One of the placards displayed at the funeral said, "Brown's cholera." A government minister earlier this week accused the West of "contaminating" Zimbabwe with cholera.

A Zimbabwean woman prepares to fetch water from a burst water pipe in Harare
A Zimbabwean minister accused the West of contaminating the country with choleraImage: AP

Mugabe also denounced Morgan Tsvangirai, leader of the Movement for Democratic Change (MDC) with whom he signed a power-sharing agreement in September, for travelling around the world, "looking for support."

"We don't want that kind of prostitution," he said.

Meanwhile, the British government minister responsible for Africa, Mark Malloch Brown, held talks with South Africa's Foreign Minister Nkosazana Dlamini-Zuma Thursday about the situation in Zimbabwe, which water and health ministers from the region are due to discuss Friday.

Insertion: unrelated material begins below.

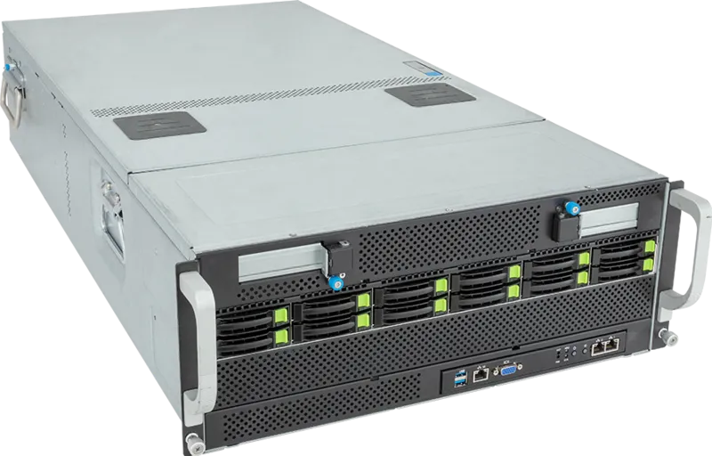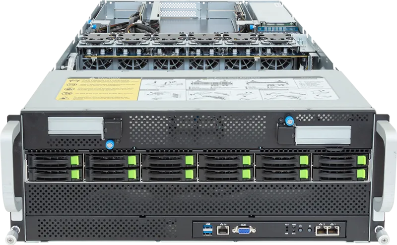 GIGABYTE G493-ZB4-AAP1 (rev. 3.x) là siêu máy chủ GPU 4U tích hợp nền tảng NVIDIA HGX™ H100 8-GPU. Máy vận hành trên bộ vi xử lý AMD EPYC™ 9004 kép (lên đến 128 lõi/CPU), hỗ trợ 24 khe RAM DDR5 và hệ thống lưu trữ 8 khay NVMe Gen5 hot-swap. Với kết nối NVLink® 900GB/s và bộ nguồn dự phòng 3000W Titanium (4+2), đây là hạ tầng tối thượng cho huấn luyện mô hình ngôn ngữ lớn (LLM) và các tác vụ HPC khắt khe nhất.
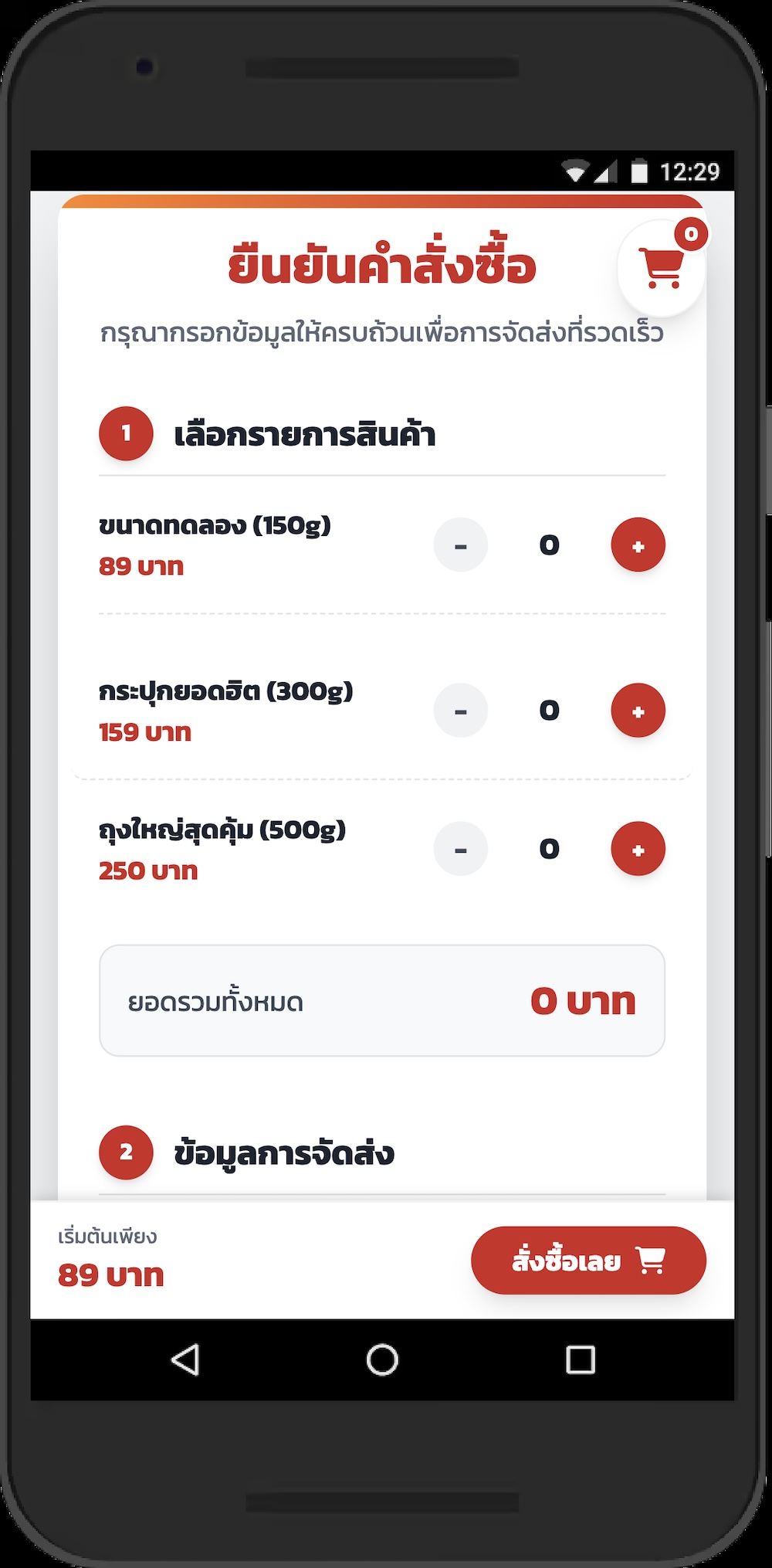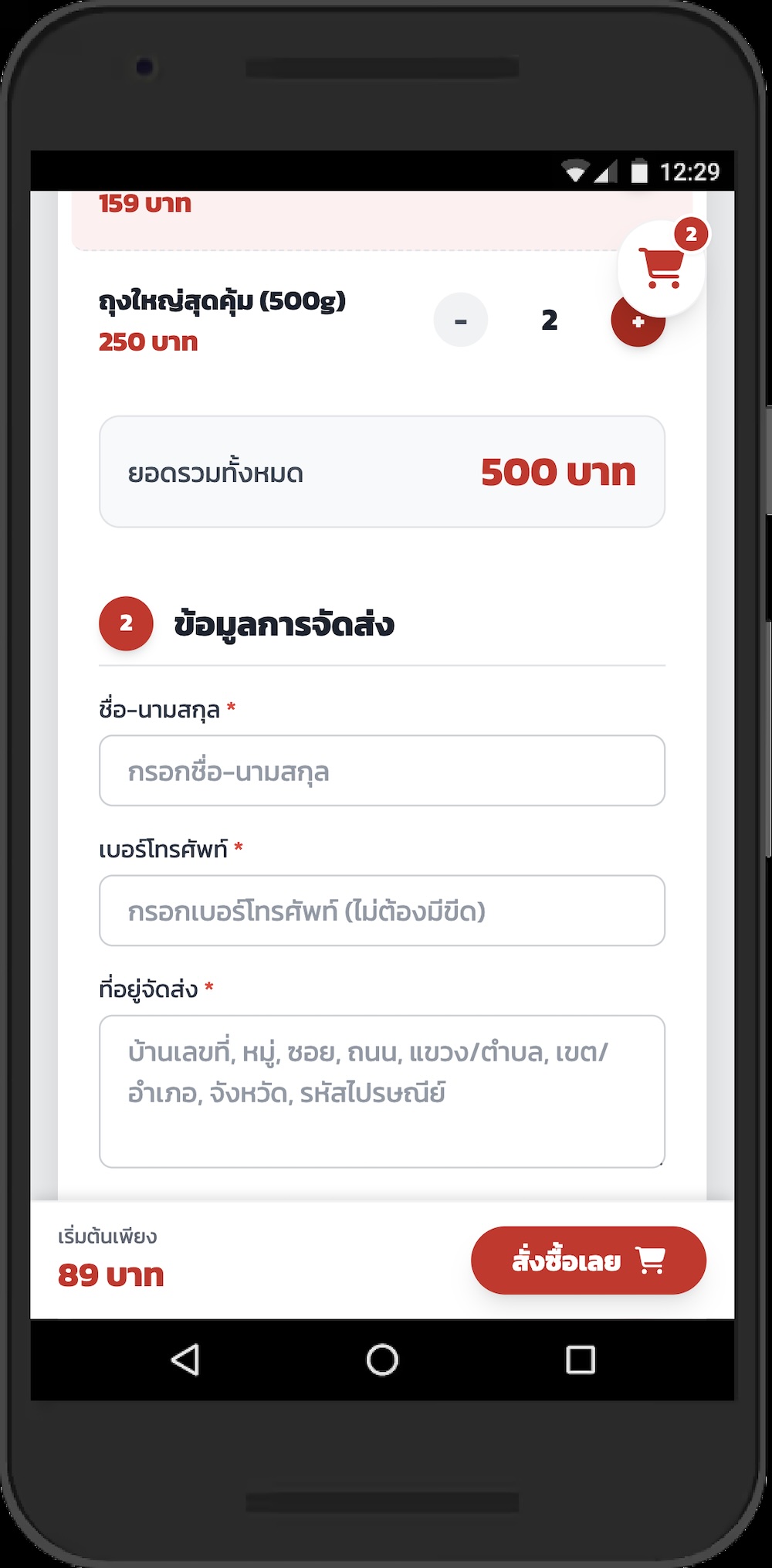 ระบบสั่งซื้อสินค้า, ฟอร์มกรอกที่อยู่, ระบบหลังบ้าน, Responsive, SEO

The Southern African Development Community (SADC) regional political grouping, of which South Africa has currently the chair, is trying to push Zanu-PF and the MDC into a unity deal but the parties disagree on how positions of power should be allocated.

Religious leaders in southern Africa have expressed frustration at Zimbabweans' worsening plight.

The All African Conference of Churches, which represents 120 million Christians in Africa, in a statement urged all churches on the continent and around the world to engage in a special Africa Day of Prayer and Fasting for Justice in Zimbabwe on January 25.

The AACC also echoed a recent call by South African Archbishop emeritus Desmond Tutu for Mugabe to be pressured into relinquishing his stranglehold on power.